Cormac McCarthy's Heart of Darkness
As part of my 100-novels reading project, I've selected Blood Meridian by Cormac McCarthy as my 31st read.
As the back cover material notes, this novel unfolds the story of a 14-year-old boy known only as The Kid, and his journey into the dark and bizarre world of westward frontier expansion in the 1850s; the novel specifically chronicles incidents on the Texas-Mexico border. The Kid encounters a variety of violence on the frontier, including a massacre of a Texan militia by the Comanche, and joining a motley crew of mostly white scalphunters.
The more I read of McCarthy, the more I think of him as a latter-day Conrad. Blood Meridian is an early novel of McCarthy's, but like No Country for Old Men, it explores the human heart of darkness, fully apocalyptic and scarily prophetic.
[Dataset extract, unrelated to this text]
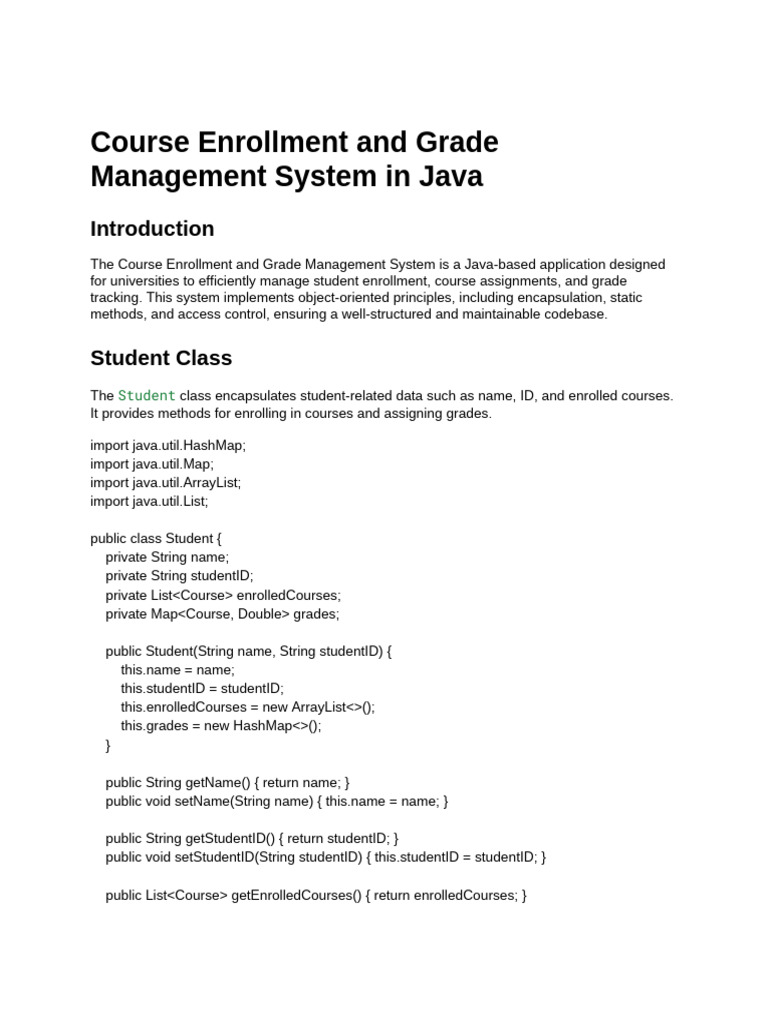 The Course Enrollment and Grade Management System is a Java-based application designed

In Blood Meridian there seems to be a Kurtz figure in the scalphunter's leader Judge Holden, and my guess is, as I read, that the Kid is Marlow.
Published in 1985, the novel treads on the heels of the film Apocalypse Now, another exploration of the heart of darkness. There are images in the novel that remind me of that film as well. One of the scalphunters wears a necklace of shriveled human ears, and this reminds me of stories I've heard about soldiers collecting such morbid trophies in war, and I think there may be a scene either in Apocalypse Now, or perhaps Platoon, in which an American soldier collects the ears from his kills.
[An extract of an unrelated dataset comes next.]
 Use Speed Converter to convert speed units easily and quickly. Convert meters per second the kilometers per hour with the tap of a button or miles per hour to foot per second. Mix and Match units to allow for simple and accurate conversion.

I'm only 100 pages into the novel, and true to McCarthy, there has been plenty of bloodshed.
I was also chilled by this prophetic line uttered early in the novel by the captain of the Texan militia that goes on a mission to take back Mexico (the novel of course is set vaguely around the end of the Mexican-American War): "'We are to be the instruments of liberation in a dark and troubled land.'"
The captain later leads his expedition into a trap and all but a few, including The Kid, are mercilessly slaughtered by the Comanche. Such a brutal evocation of the dangers of American imperialism. Sadly evocative and prophetic of our present darkness, as well.